The members of the New Zealand String Quartet appeared intoxicated by the responsive acoustics of the intimate, jewel-like Whitley Auditorium at Elon University. It seemed to inspire some stunning musicianship over the course of three challenging quartets from the Classical era, the Romantic era, and the Twentieth Century. Like several modern groups, such as the Emerson String Quartet, the New Zealanders play standing with the cellist on a raised platform. The members are first violinist Helene Pohl, second violinist Douglas Beilman, violist Gillian Ansell, and cellist Rolf Gjelsten. Ansell, Beilman, and Gjelsten each in turn shared informal remarks before each work placing it in context.
The concert opened with Quartet in G, Op.18, No.2, “Compliments” by Ludwig van Beethoven (1770-1827). With its musical jokes and sudden surprises and twists, violist Ansell said it is Beethoven’s quartet most like those of Franz Joseph Haydn. With its delicate, light textures and its well-concealed difficulties, many musicians such as Michael Tree of the Guarneri Quartet consider it the hardest of all the Beethoven quartets to perform. Each New Zealander played with a gorgeous, warm string tone, crystal-clear intonation, precise attacks, and a wide dynamic range. They brought out all the good-natured humor in the piece.
The Quartet No. 13 in B-flat minor, Op. 138 (1970) by Dmitri Shostakovich (1906-75) is in one continuous slow movement marked “adagio” and is probably the composer’s most concentrated work. Beilman described the heavy culture of terror during the Stalin era in Russia which led Shostakovich to compose works with two levels, a superficial surface covering an anguished, deeper level for those in the know. Some twelve tone techniques, first used in the composer’s Twelfth Quartet, are used in Op. 138 along with such things as col legno, bouncing the wooden back of the bow off the instrument. The New Zealanders gave a riveting performance of this brooding, dark work, playing with great concentration.

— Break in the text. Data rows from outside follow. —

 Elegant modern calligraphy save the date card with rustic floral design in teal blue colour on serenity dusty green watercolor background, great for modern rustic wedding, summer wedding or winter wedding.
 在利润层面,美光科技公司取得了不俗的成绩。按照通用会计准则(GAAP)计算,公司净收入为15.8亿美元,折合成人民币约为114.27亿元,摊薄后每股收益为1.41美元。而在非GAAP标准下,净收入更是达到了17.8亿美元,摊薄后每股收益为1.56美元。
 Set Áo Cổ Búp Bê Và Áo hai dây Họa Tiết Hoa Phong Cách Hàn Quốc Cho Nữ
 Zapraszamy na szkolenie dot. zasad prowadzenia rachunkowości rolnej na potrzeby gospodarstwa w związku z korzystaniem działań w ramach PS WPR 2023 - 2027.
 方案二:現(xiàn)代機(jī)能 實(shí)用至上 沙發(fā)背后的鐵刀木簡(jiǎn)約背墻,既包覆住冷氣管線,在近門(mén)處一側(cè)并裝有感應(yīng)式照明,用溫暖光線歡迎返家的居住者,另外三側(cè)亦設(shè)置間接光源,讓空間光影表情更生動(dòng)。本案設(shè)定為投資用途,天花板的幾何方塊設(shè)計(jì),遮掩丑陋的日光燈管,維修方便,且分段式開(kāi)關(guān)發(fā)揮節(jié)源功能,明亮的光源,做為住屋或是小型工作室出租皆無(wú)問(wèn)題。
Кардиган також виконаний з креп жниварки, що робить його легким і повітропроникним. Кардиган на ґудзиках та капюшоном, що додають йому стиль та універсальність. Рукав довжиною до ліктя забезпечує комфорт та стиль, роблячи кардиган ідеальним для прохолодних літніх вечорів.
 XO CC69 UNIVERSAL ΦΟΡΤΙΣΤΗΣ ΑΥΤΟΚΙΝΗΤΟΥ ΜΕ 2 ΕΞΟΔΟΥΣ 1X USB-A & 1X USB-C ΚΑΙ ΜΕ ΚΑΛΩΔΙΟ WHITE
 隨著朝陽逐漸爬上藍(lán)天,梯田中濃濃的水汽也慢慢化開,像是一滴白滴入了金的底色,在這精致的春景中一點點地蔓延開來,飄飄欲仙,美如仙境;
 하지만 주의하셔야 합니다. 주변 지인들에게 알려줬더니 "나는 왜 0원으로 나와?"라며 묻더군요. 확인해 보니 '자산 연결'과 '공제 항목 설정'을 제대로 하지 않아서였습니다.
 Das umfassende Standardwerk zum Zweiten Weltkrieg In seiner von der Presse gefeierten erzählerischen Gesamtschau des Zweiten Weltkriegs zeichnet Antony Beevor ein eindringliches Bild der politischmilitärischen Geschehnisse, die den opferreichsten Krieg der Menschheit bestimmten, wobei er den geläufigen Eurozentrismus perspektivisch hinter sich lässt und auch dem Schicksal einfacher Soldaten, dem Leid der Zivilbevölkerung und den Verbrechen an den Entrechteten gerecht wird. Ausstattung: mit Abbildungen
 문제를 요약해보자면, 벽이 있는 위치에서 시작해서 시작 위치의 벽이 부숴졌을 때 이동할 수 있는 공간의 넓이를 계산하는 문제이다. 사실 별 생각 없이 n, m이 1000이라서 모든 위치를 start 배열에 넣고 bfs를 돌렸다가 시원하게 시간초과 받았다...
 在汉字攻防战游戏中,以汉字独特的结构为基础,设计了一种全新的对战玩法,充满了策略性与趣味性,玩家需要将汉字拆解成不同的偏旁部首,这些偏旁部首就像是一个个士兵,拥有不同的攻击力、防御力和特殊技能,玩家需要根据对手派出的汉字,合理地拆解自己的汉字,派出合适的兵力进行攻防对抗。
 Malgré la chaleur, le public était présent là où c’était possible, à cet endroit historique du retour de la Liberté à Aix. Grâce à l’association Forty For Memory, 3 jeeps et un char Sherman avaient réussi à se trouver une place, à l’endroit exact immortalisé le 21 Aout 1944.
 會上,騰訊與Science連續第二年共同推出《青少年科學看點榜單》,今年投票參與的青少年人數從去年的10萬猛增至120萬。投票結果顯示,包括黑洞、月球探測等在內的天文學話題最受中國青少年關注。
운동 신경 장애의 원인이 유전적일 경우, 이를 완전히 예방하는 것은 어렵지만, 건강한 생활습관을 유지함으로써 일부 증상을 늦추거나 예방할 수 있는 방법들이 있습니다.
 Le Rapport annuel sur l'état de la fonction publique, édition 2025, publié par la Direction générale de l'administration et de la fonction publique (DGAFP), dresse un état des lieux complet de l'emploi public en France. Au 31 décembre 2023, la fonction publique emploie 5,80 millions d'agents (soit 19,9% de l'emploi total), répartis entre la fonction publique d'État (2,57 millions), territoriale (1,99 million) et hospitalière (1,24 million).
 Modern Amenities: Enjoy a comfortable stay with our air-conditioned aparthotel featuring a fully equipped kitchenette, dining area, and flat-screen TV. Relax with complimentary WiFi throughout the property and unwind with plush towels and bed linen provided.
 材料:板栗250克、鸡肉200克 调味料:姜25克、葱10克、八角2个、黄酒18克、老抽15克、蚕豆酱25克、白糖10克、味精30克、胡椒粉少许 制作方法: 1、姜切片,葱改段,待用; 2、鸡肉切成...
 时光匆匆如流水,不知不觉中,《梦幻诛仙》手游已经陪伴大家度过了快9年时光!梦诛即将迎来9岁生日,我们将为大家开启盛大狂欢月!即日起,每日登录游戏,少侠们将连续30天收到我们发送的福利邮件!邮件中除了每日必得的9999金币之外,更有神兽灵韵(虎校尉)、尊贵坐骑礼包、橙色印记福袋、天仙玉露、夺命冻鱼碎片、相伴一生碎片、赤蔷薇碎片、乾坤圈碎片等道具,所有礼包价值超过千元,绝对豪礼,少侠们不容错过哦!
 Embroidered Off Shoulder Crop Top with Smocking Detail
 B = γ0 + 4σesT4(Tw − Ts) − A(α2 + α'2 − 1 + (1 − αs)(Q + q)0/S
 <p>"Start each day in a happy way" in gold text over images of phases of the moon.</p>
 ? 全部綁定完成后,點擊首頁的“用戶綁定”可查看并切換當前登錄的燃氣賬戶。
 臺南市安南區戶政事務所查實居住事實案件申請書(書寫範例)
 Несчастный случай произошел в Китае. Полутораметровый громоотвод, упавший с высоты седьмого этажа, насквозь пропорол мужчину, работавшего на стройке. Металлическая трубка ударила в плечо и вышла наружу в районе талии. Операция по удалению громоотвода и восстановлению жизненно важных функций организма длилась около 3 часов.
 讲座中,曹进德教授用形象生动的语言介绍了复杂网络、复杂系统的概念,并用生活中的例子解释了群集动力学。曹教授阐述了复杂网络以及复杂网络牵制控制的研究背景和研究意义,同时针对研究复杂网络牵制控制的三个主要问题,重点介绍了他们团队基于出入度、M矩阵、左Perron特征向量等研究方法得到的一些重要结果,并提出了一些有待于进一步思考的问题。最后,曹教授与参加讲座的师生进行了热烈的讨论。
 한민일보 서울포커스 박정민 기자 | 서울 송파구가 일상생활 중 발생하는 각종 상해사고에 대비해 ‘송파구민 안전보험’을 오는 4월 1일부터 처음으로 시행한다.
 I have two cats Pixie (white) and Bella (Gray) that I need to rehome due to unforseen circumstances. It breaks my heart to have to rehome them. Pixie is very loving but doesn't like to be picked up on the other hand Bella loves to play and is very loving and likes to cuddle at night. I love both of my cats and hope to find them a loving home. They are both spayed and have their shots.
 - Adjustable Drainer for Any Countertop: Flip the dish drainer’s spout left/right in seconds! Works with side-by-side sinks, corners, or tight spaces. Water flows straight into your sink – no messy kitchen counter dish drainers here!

The recently retired Guarneri String Quartet, early in their career, in the1970s, broke the “late Schubert” barrier by taking on tour the Quartet No. 15 in G, D.887, by Franz Schubert (1797-1828). The physical demands of touring combined with the effort to perform what cellist Gjelstein called the “epic, almost symphonic dimensions” of the work had discouraged an older generation of chamber musicians from taking it on the road. Schubert’s extraordinary ability to create seemingly endless song-like melodies was everywhere evident. I thought of one of Schubert’s successors, Anton Bruckner, a composer of vast symphonic structures, as I listened to violinist Helene Pohl spin out a theme, or as each of her colleagues took it up in turn, while supported by the other players’ sustained tremolos. The New Zealanders delivered a truly inspired performance with each movement beautifully organized and fitted within an over-arching conception of the whole quartet. Their performance compared favorably with the Borromeo String Quartet’s interpretation, my “gold standard” for judging this work.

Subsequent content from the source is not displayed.